I arrived home to find the kitchen painted Friesian cow style. Black and white patches, each the size of half a calf, littered my vision. Open-mouthed, I gawped awhile. As is appropriate when you leave a perfectly cream kitchen in the morning and come back to cattle-splattered walls.
I found my husband in the sitting room watching Oddballs, a TV show in which the winner is the strangest contestant.
“What’s going on?”
“Trixie asked first. I only said yes because she promised to paint over it in a few days.”
Trixie would win Oddballs given a chance. I knew life would be ‘different’ with her as our lodger. She’d arrived to see the place with bulldog clips in her hair rather than slides — always a dead giveaway if you want to identify someone unusual.
“Couldn’t she have used an ordinary canvas like other, erm… Artists?”
“It’s only for a few days Love. She needs to express herself.”
We left Oddballs, and stood, arm in arm, gazing at the kitchen walls.
“And what do you think she’s trying to say?”
The evening continued along similar lines.
“Where are my pans? I need to make dinner.”
I climbed the stairs to Trixie’s room.
“Seen my pans, Trixie?”
“Oh. Yeah. I’m melting wax in one. Another’s got paint in it. You know? From when I did the kitchen?”
“What! You can’t use my pans for that kind of thing! And where are you melting wax? There are no pans on the stove.”
Trixie waved an outstretched hand, while clutching a crumbling scone, at my ironing board, on which balanced my pan on an upturned iron.
“And why do you want to melt wax, anyway?”
“I’m making candles to sell at the market. Which reminds me, I need old tights to rub a shine on them when they’re out of their casts. Got any? These old socks don’t work very well.”
She held up a pair of my husband’s golfing socks, now covered in cold, waxy white bits.
Later that night, I heard my husband holla. Or maybe it was a scream. I can’t be sure.
“Why didn’t you lock the bathroom door Trixie. And who is that?”
I rushed to the scene and found him pointing at a naked man with dreadlocks sat in the bath with our lodger.
“It’s alright man. Don’t sweat. I’m Grubby.”
I glanced at the brown bath water.
“Yes, I can see that.”
“That’s my name!”
I remembered to cover my eyes — although it was already too late.
“Well, see you both downstairs for a cup of tea, when you’ve finished.”
It turned out Grubby had been chained up a tree, in an attempt to save it from being cut down for three days. And before then, he’d camped in the woods.

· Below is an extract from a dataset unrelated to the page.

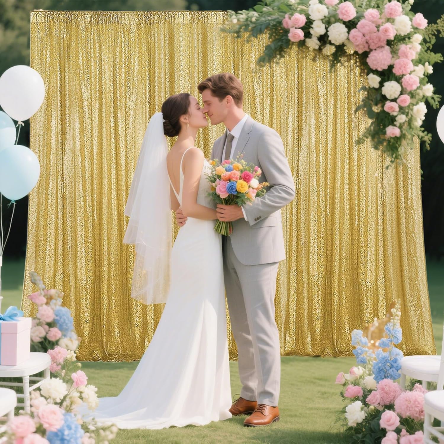 Gold Sequin Backdrop Curtain 2 Panels 2FTx8FT Glitter Photography Backdrop for Party Wedding Birthday Christmas Decorations
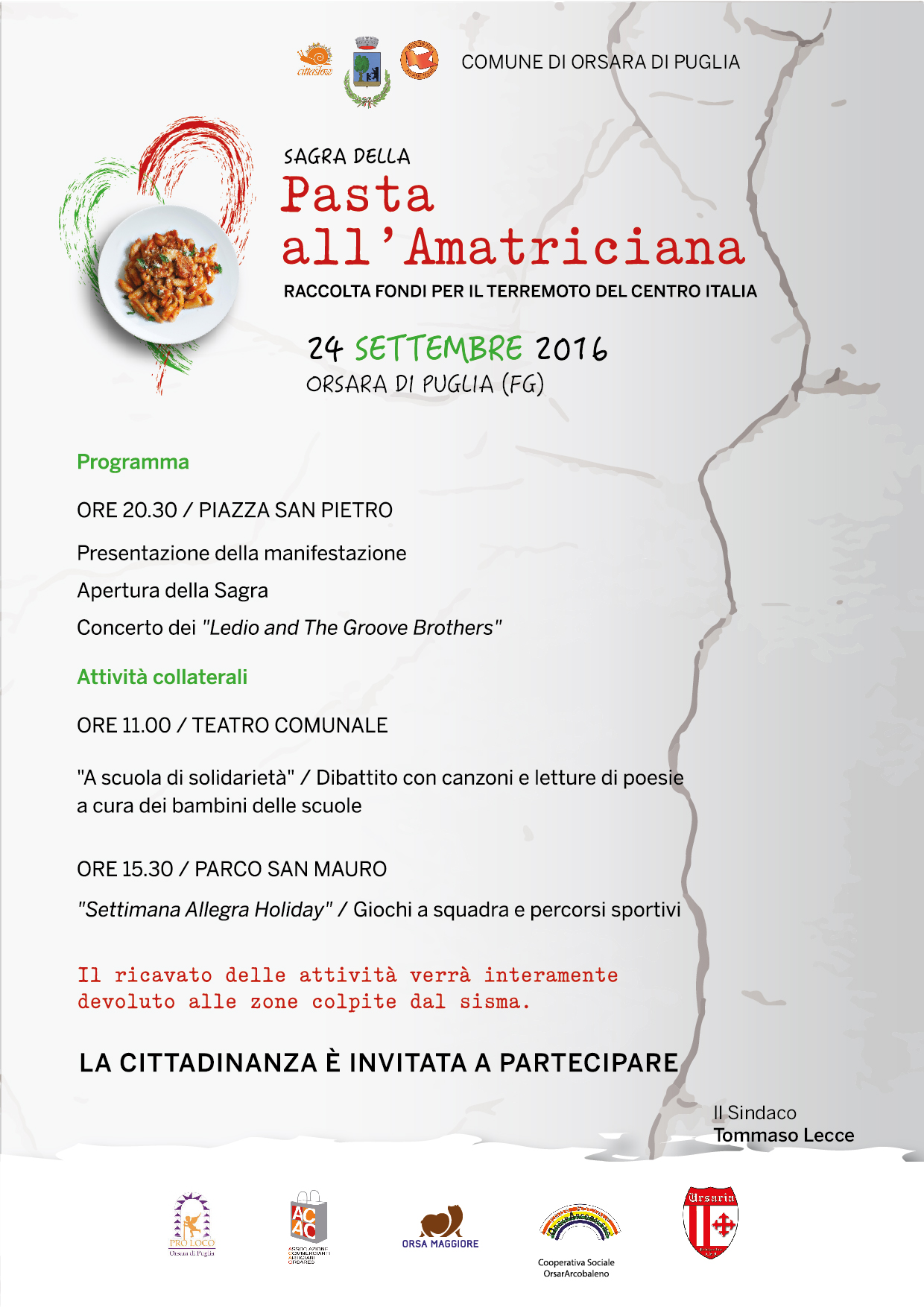 Sabato 24 settembre, a Orsara di Puglia si terrà la Sagra della Pasta all’Amatriciana. Il ricavato della manifestazione sarà interamente devoluto in beneficienza per alleviare i disagi che le famiglie colpite dal terremoto stanno vivendo. La giornata comincerà alle ore 11, al Teatro Comunale, con il dibattito “A scuola di solidarietà”: i bambini delle scuole si cimenteranno cantando e leggendo poesie. Alle 15.30, la giornata proseguirà all’interno del Parco San Mauro con “Settimana Allegra Holiday”, gare di giochi a squadre e percorsi sportivi. Alle 20.30, in Piazza San Pietro, si darà il via alla Sagra della Pasta all’Amatriciana e si terrà il concerto dei Ledio and The Groove Brothers. In serata, le compagnie teatrali di Orsara e l’associazione Orsa Maggiore coinvolgeranno i bambini in recite, poesie, canti e giochi di animazione. L’iniziativa, organizzata dal Comune di Orsara di Puglia, è stata ideata e sarà realizzata grazie alla collaborazione di Pro Loco, Istituto Scolastico Comprensivo “Virgilio”, Cooperativa Orsara Arcobaleno, Colpo in Canna, Orsa Maggiore, Acao Associazione Commercianti e Artigiani Orsaresi, Polisportiva Ursaria, compagnia teatrale Arti e Mestieri, compagnia teatrale Senza Nome. “Ancora una volta, col terremoto di un mese fa, è stata colpita con tragica durezza la spina dorsale del Paese, l’Italia dei borghi dell’entroterra, quella che ancora conserva, tutela e valorizza il grande patrimonio italiano rappresentato dalla cultura contadina e da valori senza tempo”, ha dichiarato il sindaco di Orsara di Puglia, Tommaso Lecce. “L’iniziativa del 24 settembre vuole essere il nostro modo di manifestare la vicinanza della Comunità orsarese ai paesi colpiti dal sisma”. Alle parole del primo cittadino si aggiungono quelle del vicesindaco Rocco Dedda, assessore con delega alla Cultura e ai Giovani: “Il collante tra Comune, scuola e associazioni è molto importante, perché ci permette di organizzare un’iniziativa che sensibilizza e fa formazione su temi di grande rilievo come la solidarietà e la prevenzione del rischio sismico, provando a fornire un aiuto concreto a chi sta lottando per ricostruire la propria vita”.

“Haven’t you got a home to go to?”
My husband wore a look of desperation.
“Yes. Thought I’d stay here with my Trixie for a few days, though.”
“Fine. While you’re here, you can both paint the kitchen. Cream. Not zebra or parrot. Or blackbird. Cream.”
We don’t have lodgers now. It’s quieter. And when I come home, the house is just as I left it. But we still laugh about those days with Trixie and Grubby.